Task objective: The answer must consist solely of the lines below starting at the one containing "- 이 두 건의 영상이" and ending at the one containing "当最后一个窗口的最后一个选项", repeated exactly, with both ends included and all pictures omitted.

Extracted data entries:
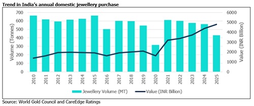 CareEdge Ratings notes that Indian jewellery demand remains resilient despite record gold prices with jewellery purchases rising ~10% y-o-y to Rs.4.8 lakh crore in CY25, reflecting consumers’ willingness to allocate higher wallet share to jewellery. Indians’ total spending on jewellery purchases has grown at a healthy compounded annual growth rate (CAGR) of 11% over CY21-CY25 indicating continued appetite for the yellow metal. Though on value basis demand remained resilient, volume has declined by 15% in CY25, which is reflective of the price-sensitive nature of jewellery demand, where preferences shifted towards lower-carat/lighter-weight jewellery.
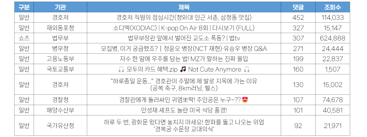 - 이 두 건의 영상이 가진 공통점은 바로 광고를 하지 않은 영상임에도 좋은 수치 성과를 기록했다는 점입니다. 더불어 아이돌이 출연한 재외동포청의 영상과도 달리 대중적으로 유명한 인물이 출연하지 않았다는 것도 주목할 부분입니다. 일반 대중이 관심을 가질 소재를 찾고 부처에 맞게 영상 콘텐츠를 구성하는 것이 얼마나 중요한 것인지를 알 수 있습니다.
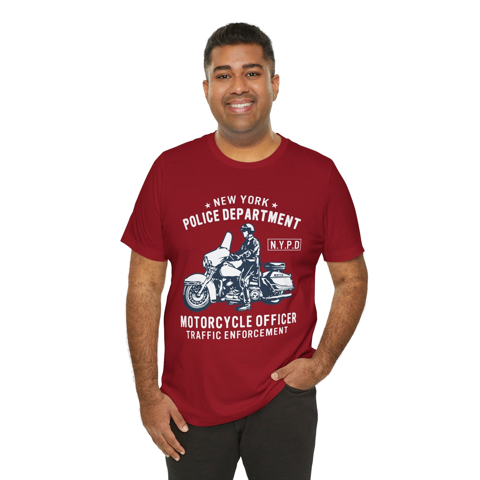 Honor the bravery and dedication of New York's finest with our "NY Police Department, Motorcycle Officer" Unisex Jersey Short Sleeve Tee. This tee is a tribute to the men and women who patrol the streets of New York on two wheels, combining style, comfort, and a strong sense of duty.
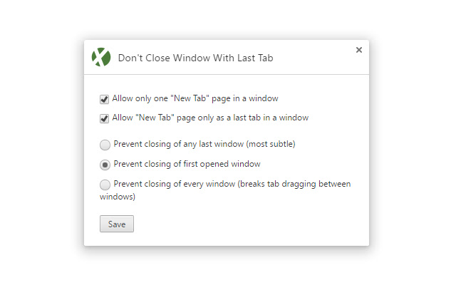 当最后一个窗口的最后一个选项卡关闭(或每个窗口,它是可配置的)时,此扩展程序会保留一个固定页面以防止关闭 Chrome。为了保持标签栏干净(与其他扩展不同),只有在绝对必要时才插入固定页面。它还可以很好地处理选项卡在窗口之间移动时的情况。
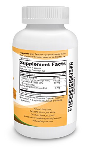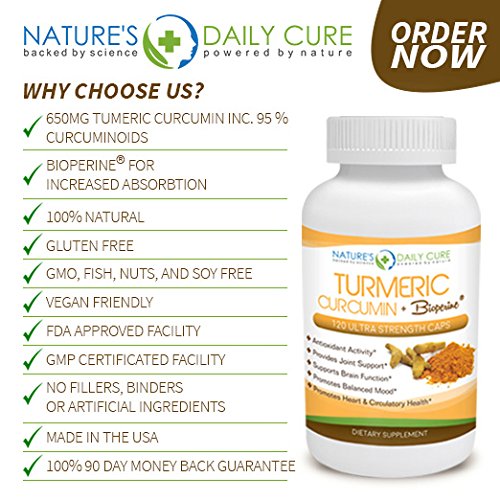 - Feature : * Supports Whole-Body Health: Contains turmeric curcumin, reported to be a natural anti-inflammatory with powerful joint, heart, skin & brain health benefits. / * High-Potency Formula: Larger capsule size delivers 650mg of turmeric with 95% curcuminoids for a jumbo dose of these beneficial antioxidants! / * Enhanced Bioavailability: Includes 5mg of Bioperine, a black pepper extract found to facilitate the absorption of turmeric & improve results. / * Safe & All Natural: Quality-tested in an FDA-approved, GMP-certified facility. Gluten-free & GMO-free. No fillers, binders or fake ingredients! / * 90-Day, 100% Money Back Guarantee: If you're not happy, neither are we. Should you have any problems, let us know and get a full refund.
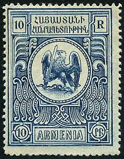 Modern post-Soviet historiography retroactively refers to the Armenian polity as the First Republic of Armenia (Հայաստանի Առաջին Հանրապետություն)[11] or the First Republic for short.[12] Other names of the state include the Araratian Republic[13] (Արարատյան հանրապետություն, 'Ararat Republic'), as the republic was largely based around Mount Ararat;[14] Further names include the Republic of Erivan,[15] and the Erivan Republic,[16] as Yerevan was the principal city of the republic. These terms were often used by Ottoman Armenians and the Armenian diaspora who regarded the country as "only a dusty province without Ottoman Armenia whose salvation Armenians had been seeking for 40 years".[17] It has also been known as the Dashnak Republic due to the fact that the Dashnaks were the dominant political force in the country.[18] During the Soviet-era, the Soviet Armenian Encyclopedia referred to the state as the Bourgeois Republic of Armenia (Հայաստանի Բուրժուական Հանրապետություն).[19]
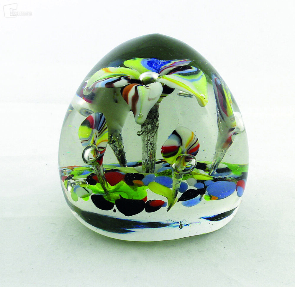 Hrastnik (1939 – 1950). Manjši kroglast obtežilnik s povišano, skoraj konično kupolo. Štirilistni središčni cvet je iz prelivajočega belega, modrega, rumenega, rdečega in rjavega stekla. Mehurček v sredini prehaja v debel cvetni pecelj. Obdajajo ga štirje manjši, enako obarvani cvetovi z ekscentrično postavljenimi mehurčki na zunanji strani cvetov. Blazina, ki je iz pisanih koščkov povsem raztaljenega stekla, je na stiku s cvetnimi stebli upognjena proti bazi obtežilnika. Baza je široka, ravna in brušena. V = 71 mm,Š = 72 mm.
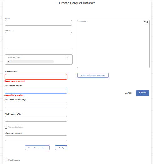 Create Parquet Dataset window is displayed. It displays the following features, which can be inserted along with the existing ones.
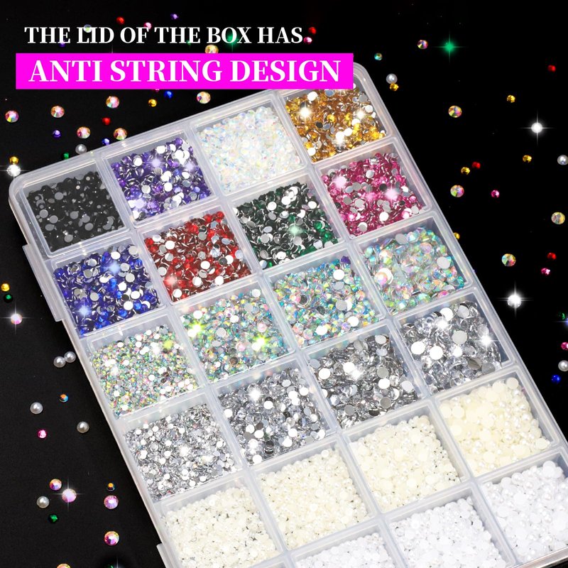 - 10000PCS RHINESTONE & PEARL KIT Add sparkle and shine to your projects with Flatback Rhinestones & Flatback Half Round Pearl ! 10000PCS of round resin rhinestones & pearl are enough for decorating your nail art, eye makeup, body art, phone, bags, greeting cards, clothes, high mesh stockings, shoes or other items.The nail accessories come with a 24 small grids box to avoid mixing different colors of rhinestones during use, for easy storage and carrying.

Output of the task:
 - 이 두 건의 영상이 가진 공통점은 바로 광고를 하지 않은 영상임에도 좋은 수치 성과를 기록했다는 점입니다. 더불어 아이돌이 출연한 재외동포청의 영상과도 달리 대중적으로 유명한 인물이 출연하지 않았다는 것도 주목할 부분입니다. 일반 대중이 관심을 가질 소재를 찾고 부처에 맞게 영상 콘텐츠를 구성하는 것이 얼마나 중요한 것인지를 알 수 있습니다.
 Honor the bravery and dedication of New York's finest with our "NY Police Department, Motorcycle Officer" Unisex Jersey Short Sleeve Tee. This tee is a tribute to the men and women who patrol the streets of New York on two wheels, combining style, comfort, and a strong sense of duty.
 当最后一个窗口的最后一个选项卡关闭(或每个窗口,它是可配置的)时,此扩展程序会保留一个固定页面以防止关闭 Chrome。为了保持标签栏干净(与其他扩展不同),只有在绝对必要时才插入固定页面。它还可以很好地处理选项卡在窗口之间移动时的情况。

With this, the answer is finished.